GOAL OF THE EXERCISE:
Find, in the records below, the line that contains "Không những vậy, các" and the line that contains "小関さん)そして僕達演じるト". Copy those two lines and everything between them exactly, but not the pictures.

RECORDS FOR THIS TASK:
-------
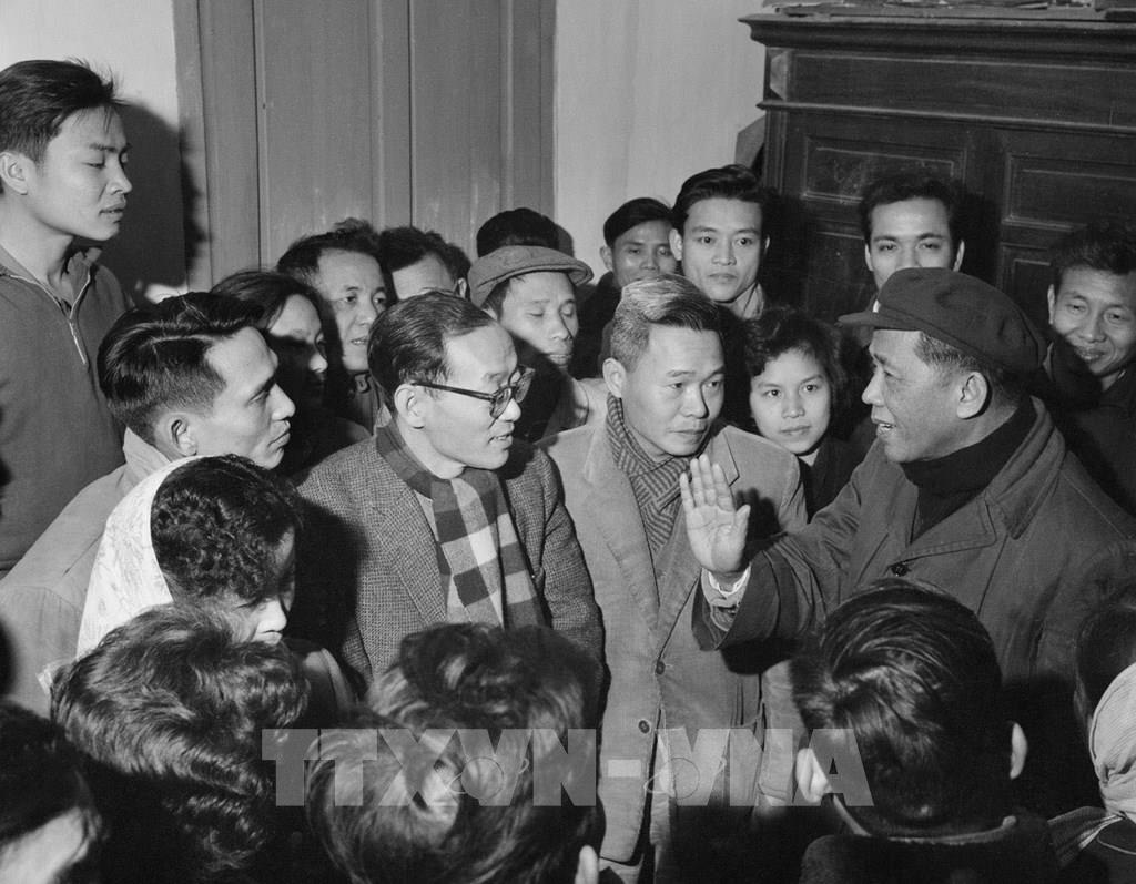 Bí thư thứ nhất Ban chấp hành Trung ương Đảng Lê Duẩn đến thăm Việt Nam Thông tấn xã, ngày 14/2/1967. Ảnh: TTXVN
-------
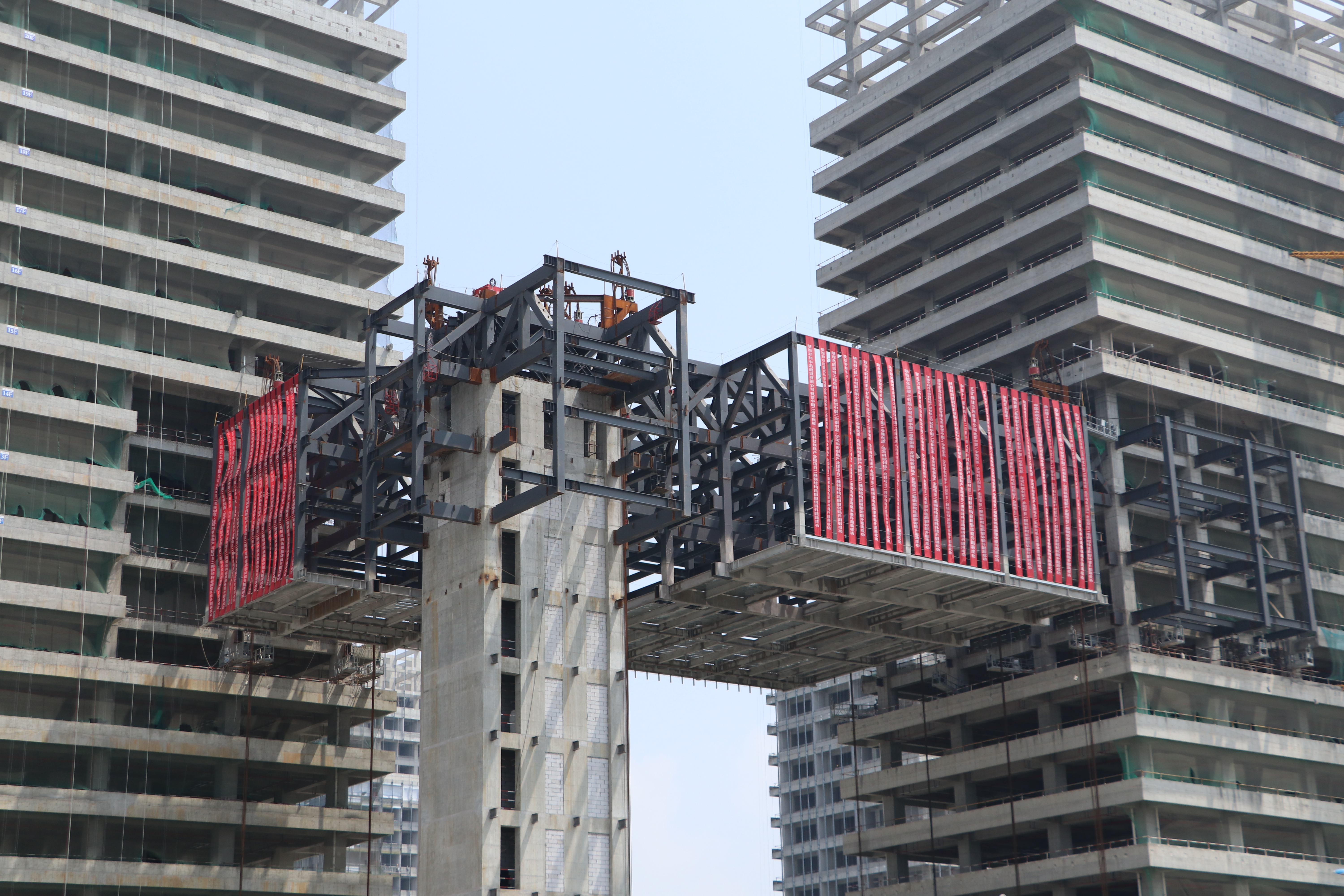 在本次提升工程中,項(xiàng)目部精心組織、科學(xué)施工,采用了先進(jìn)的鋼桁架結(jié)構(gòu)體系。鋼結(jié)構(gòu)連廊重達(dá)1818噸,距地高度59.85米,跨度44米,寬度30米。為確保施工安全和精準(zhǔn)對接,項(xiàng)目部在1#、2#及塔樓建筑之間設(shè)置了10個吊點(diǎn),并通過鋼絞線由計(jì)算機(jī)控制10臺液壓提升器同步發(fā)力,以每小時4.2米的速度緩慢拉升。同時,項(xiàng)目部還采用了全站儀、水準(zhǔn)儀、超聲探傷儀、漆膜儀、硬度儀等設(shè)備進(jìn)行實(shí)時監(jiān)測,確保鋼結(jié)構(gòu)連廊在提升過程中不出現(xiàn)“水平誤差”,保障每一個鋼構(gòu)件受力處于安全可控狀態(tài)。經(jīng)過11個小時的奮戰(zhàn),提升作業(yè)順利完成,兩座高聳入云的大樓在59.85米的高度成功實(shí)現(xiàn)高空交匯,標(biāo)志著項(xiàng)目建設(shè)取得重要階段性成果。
-------
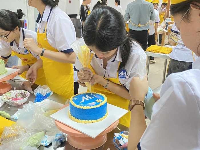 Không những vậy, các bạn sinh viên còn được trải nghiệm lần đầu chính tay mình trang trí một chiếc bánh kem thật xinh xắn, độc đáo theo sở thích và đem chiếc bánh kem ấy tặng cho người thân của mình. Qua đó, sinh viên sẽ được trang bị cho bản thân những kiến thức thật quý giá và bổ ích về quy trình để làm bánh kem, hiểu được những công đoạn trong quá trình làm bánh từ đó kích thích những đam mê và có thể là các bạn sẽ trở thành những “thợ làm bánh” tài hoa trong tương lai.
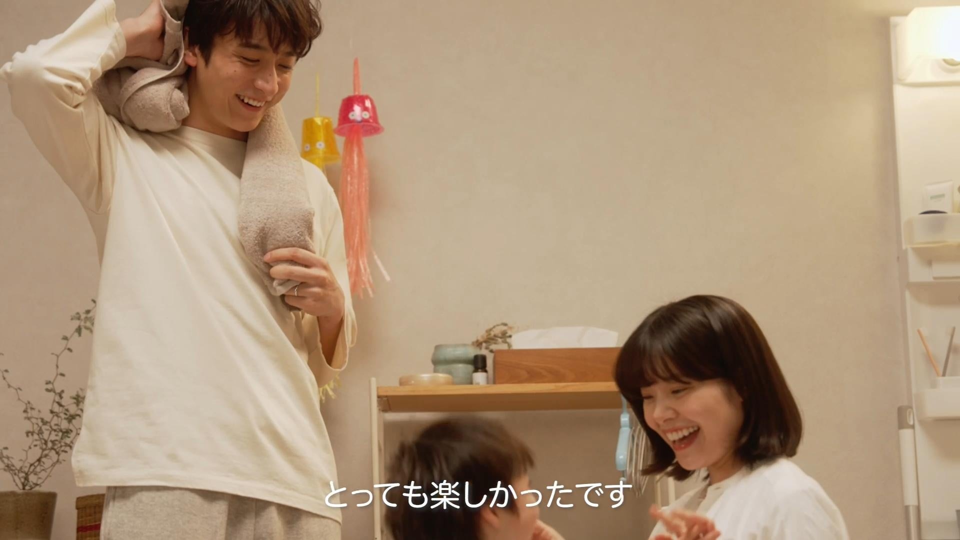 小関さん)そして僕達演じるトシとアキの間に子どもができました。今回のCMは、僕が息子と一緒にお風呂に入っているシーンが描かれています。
-------
THE ANSWER:
 Không những vậy, các bạn sinh viên còn được trải nghiệm lần đầu chính tay mình trang trí một chiếc bánh kem thật xinh xắn, độc đáo theo sở thích và đem chiếc bánh kem ấy tặng cho người thân của mình. Qua đó, sinh viên sẽ được trang bị cho bản thân những kiến thức thật quý giá và bổ ích về quy trình để làm bánh kem, hiểu được những công đoạn trong quá trình làm bánh từ đó kích thích những đam mê và có thể là các bạn sẽ trở thành những “thợ làm bánh” tài hoa trong tương lai.
 小関さん)そして僕達演じるトシとアキの間に子どもができました。今回のCMは、僕が息子と一緒にお風呂に入っているシーンが描かれています。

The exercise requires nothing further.